#### [Activity]
Using the records below, repeat exactly the lines from the one holding "Nemo enim ipsam voluptatem" through the one holding "С использованием Trekker, инструмента", both ends included, and no others.

#### [Supplied data]
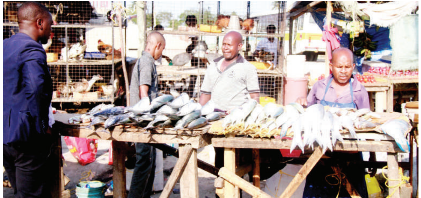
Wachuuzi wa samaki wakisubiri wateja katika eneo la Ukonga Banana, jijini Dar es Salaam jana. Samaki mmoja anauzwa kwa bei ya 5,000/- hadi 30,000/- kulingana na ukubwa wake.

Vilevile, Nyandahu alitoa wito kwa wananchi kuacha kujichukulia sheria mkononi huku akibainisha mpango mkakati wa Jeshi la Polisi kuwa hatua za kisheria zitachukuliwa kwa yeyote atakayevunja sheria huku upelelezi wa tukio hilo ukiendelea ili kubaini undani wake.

---

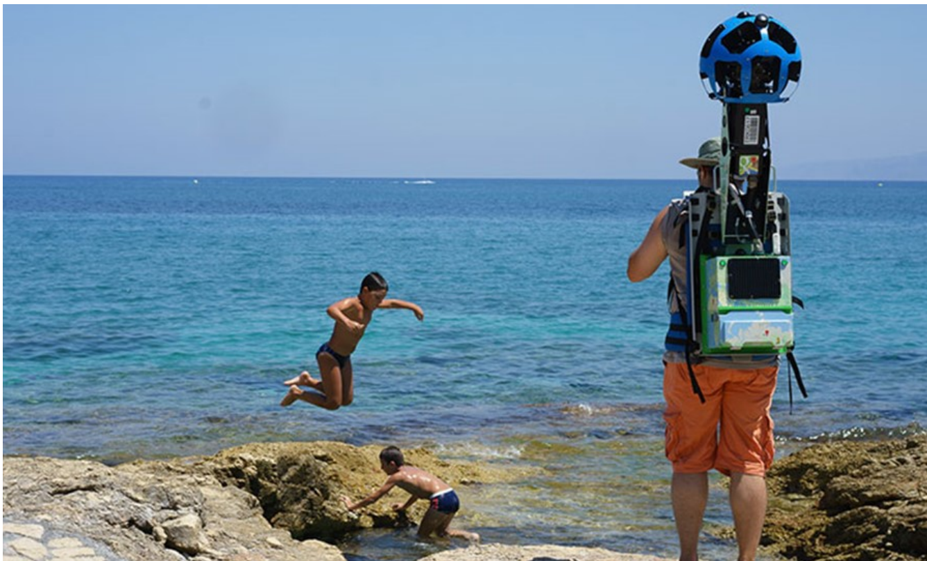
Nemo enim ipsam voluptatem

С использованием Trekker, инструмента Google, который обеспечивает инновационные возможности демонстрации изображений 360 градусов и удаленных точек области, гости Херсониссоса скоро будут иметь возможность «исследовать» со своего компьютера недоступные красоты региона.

#### [Result for this exercise]
Nemo enim ipsam voluptatem

С использованием Trekker, инструмента Google, который обеспечивает инновационные возможности демонстрации изображений 360 градусов и удаленных точек области, гости Херсониссоса скоро будут иметь возможность «исследовать» со своего компьютера недоступные красоты региона.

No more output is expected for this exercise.